All,

This thread touches on day one bgp architecture bug where the BGP spec is too vague on what should be considered as valid next hop.

Most implementations today go as far as checking if the next hop can be resolved in RIB and if so consider the path as valid and eligible for best path selection.

Well clearly that approach is not working well in IXP setup as there can be peers on a connected subnet which went down 179 seconds ago and we are still blackholing by pushing the traffic to such next hops.
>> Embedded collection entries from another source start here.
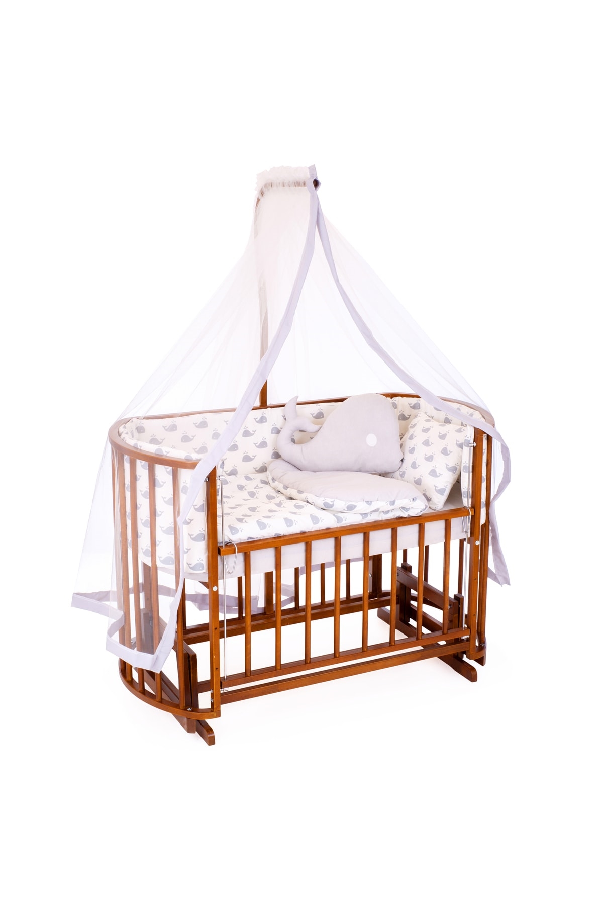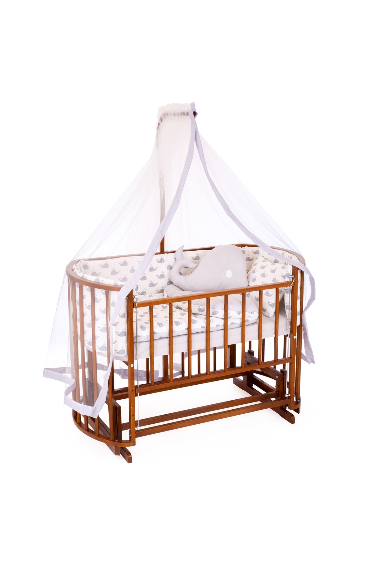 Ahşap Beşik Anne Yanı Beşik Ceviz 60x120 Gri Balina Uyku Seti Yatak
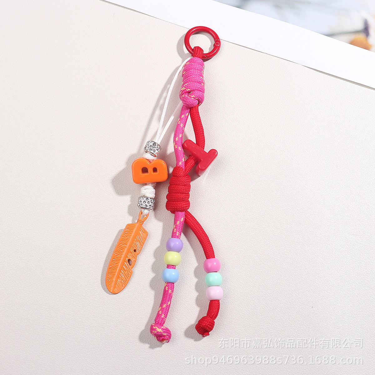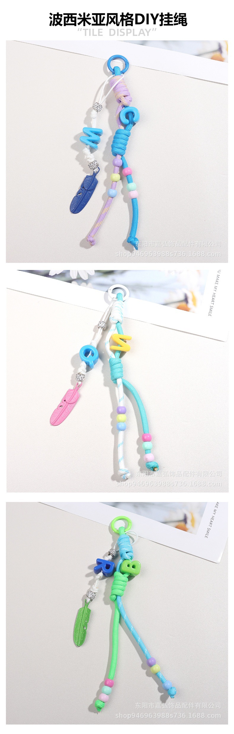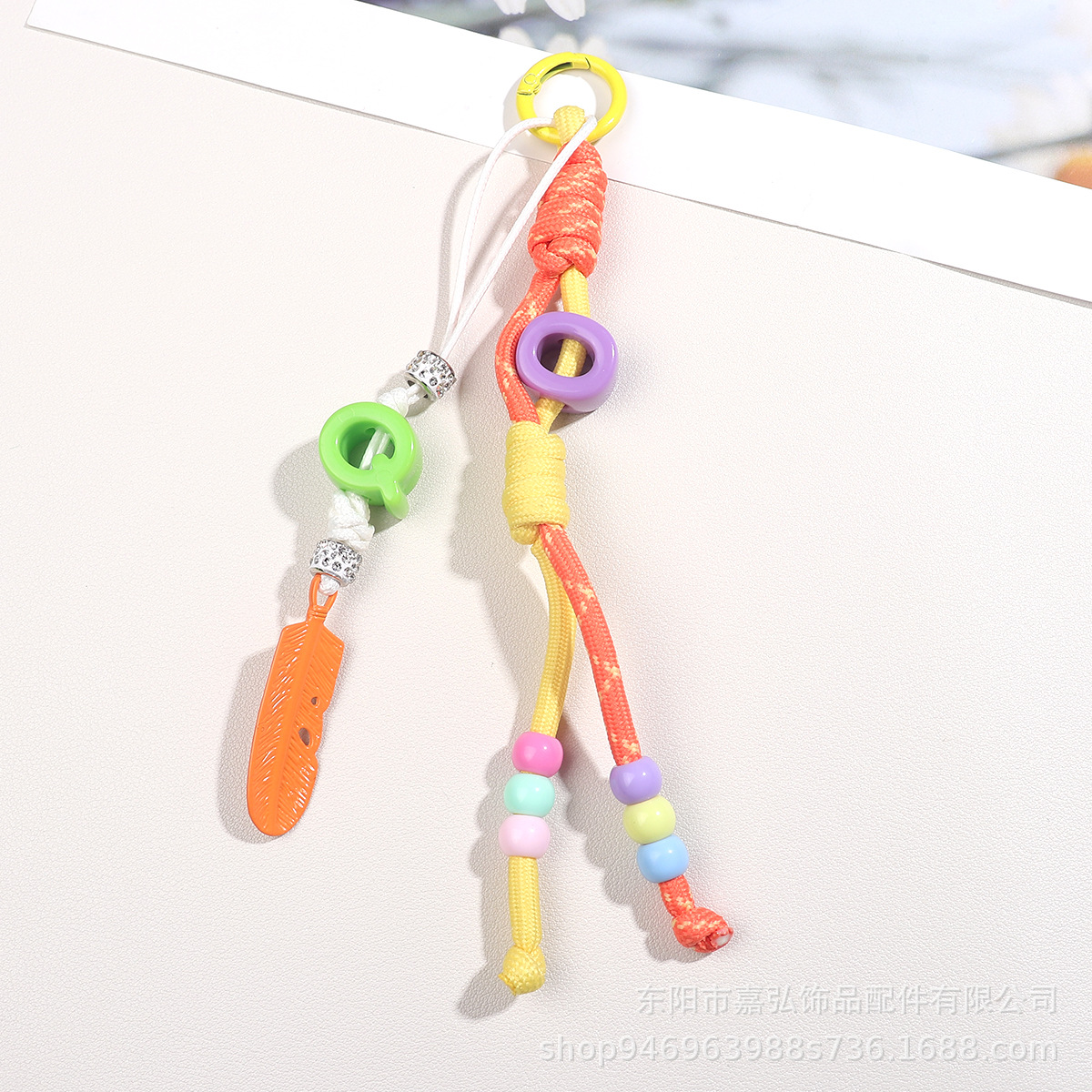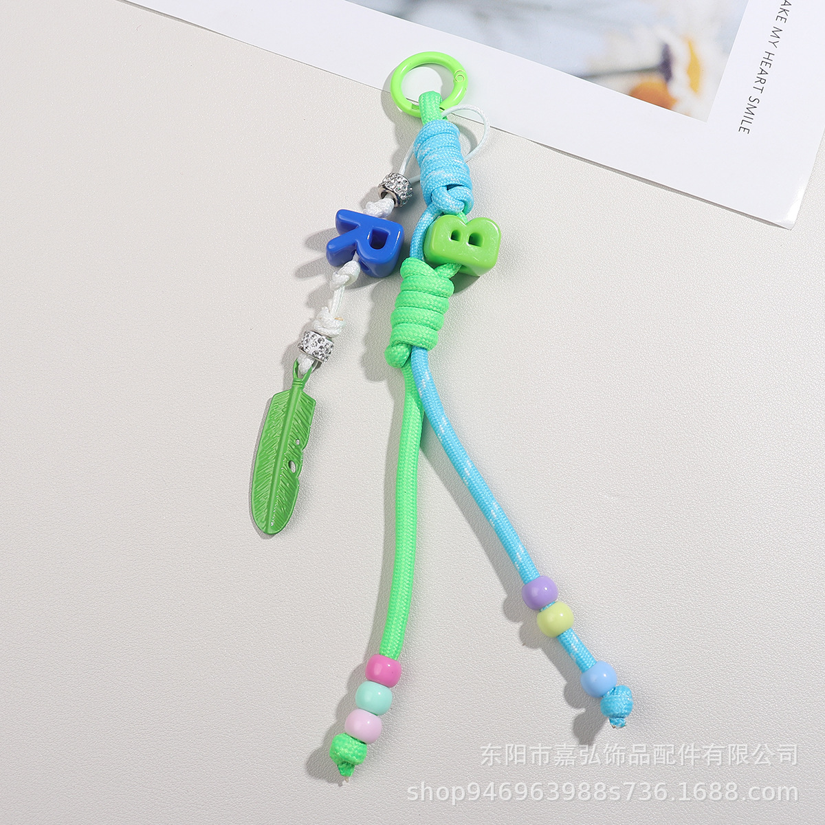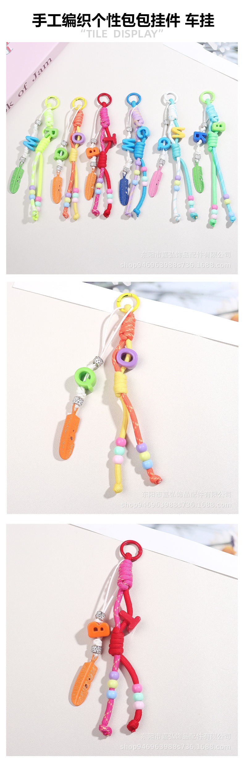新款多巴胺字母串珠带钻女包钥匙扣时尚手工编织挂件服装箱包挂饰
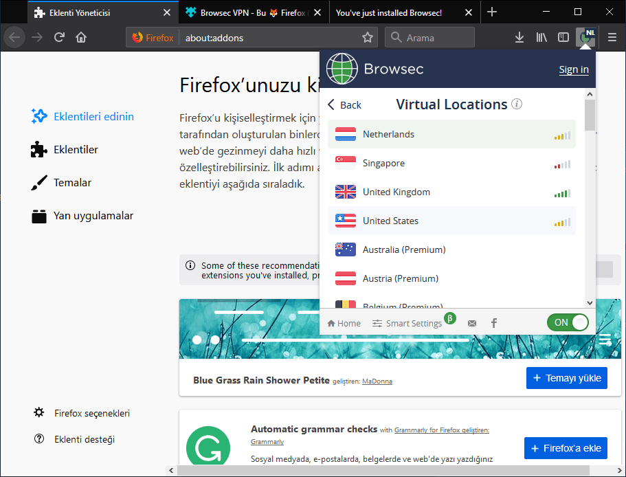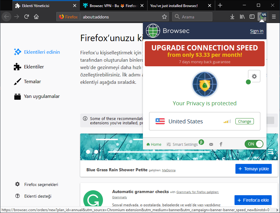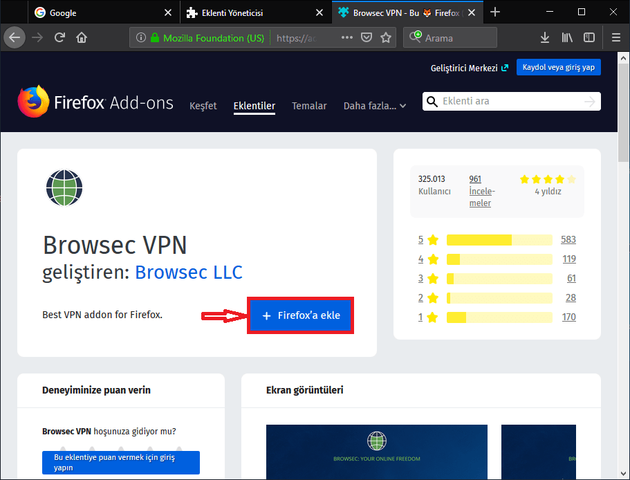 İnternet erişiminde sorun yaşama, başta sosyal paylaşım platformları olmak üzere bazı internet servislerine, sayfalarına erişememe durumunda ilk akla gelen çözüm VPN servisleri ve yazılımlarıdır. Bu makalemizde bu çözümlerden biri olan Browsec VPN çözümünün kurulumunu anlatacağız. Browsec VPN, bilgisyarlarda (Windows, macOS, Linux) tarayıcılara eklenti olarak kurulmakta. iOS ve Android cihazlarda ise uygulama marketlerinden ücretsiz olarak indirilebilmekte. Bilgisayarlardaki tarayıcılarda Microsoft Edge hariç tüm tarayıcıların eklenti mağazasında Browsec VPN bulunmakta. Bu makalemizde Mozilla Firefox tarayıcısında Browsec VPN eklentisinin kurulumunu anlatacağız. Diğer tarayıcılarda da aynı adımları uygulayarak kurulumu yapabilirsiniz.
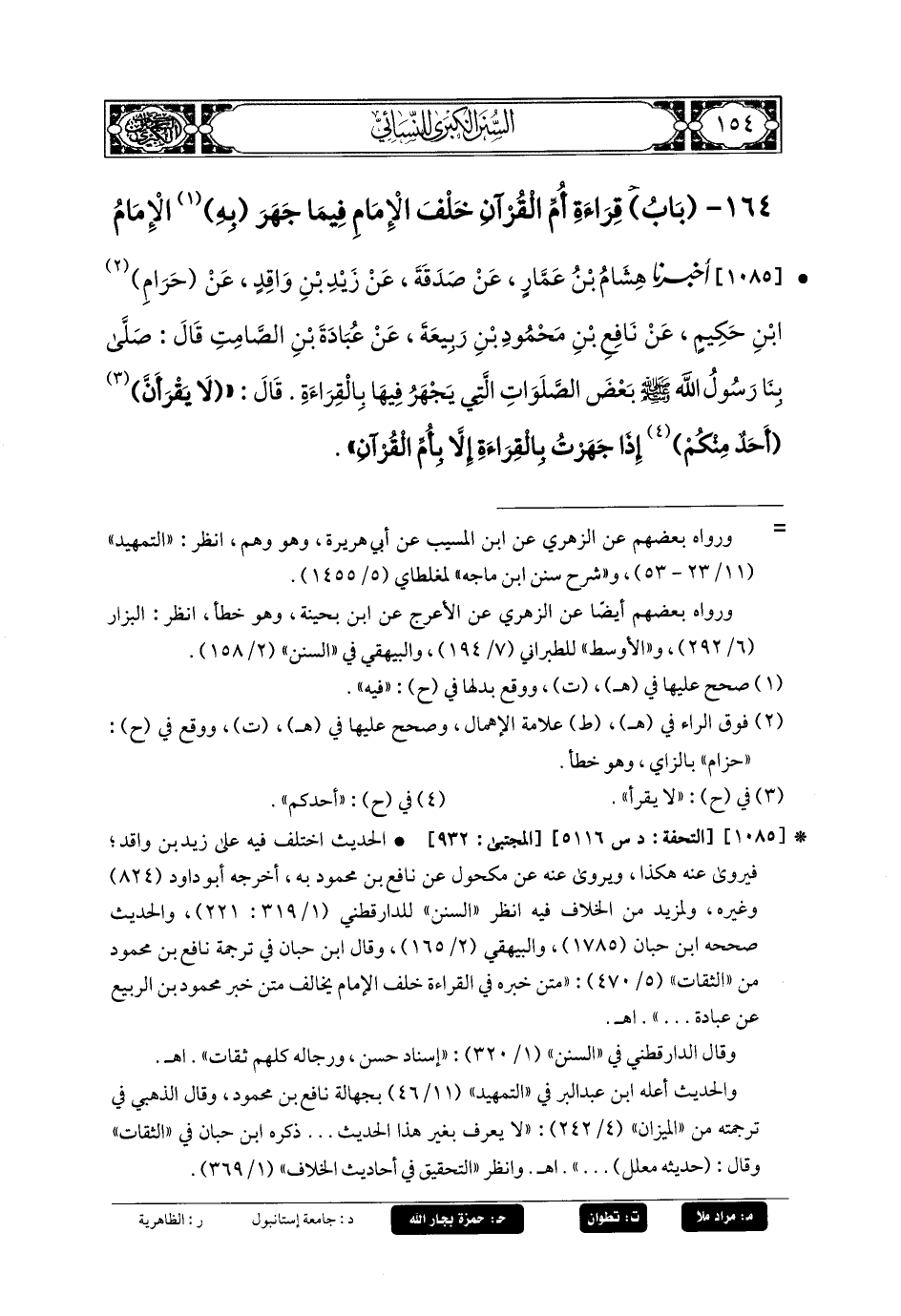 1085- أَخبَرنا هِشَامُ بنُ عَمَّارٍ، عَن صَدَقَةَ، عَن زَيْدِ بنِ وَاقِدٍ، عَن حَرَامِ بنِ حَكِيمٍ، عَن نَافِعِ بنِ مَحْمُودِ بنِ رَبِيعَةَ، عَن عُبَادَةَ بنِ الصَّامِتِ، قَالَ: صَلَّى بِنَا رَسُولُ اللهِ صَلى الله عَليه وسَلم بَعْضَ الصَّلَوَاتِ الَّتِي يُجْهَرُ فِيهَا بِالقِرَاءَةِ، قَالَ: لا يَقْرَأَنَّ أَحَدٌ مِنْكُمْ إِذَا جَهَرْتُ بِالقِرَاءَةِ إِلاَّ بِأُمِّ القُرْآنِ.

In reality the situation get's worse even in intradomain cases where operators use encapsulation via the domain while IGP does install the route to a next hop. The encap path can be broken while the BGP thinks it is all cool and keep blasting traffic towards it.

It has been observed as a real issue in number of networks and Rajiv few years back wrote a draft to fix it .. https://datatracker.ietf.org/doc/html/draft-ietf-idr-bgp-bestpath-selection-criteria-12 Well as lot's of useful real BGP protocol extensions in IDR it died.

So to the top of this thread IMHO we should not put BFD state in BGP. That's as ugly as BGP-LS.

Instead each peer should be able to periodically test reachability to a peer (bgp nh) in the data plane and only then consider the path is valid for BGP best path selection.

Would running even ICMP to a nh peer every second be an overkill ? I don't think so but I am sure there would be some who think it would.

Best,

On Sun, Dec 22, 2024 at 2:05 PM Mark Tinka <mark@tinka.africa> wrote:

On 12/22/24 14:15, Nick Hilliard wrote:

> As a separate issue, hold timers should generally be of a comparable
> order of magnitude to the non-availability effect they're attempting
> to mitigate. Inter-domain routing convergence is often measured in
> minutes rather than seconds. So even if the protocol layer worked at
> IXPs without causing control plane meltdown, it's still a mechanism
> which which has a trigger timer two orders of magnitude faster than
> the general case of DFZ reconvergence. I can't see that this would
> help overall inter-domain routing stability.

I think this is the fundamental question.

BGP is stable and scales well given its global scope, not only because
it turns like a tanker, but because we accept that it turns like a tanker.

Now, in a world of TikTok Brain and Uber Eats where we are used to
getting what we want instantly, imposing that on to BGP, even if
sneakily, is probably not something we want. At least not at a global scale.

Mark.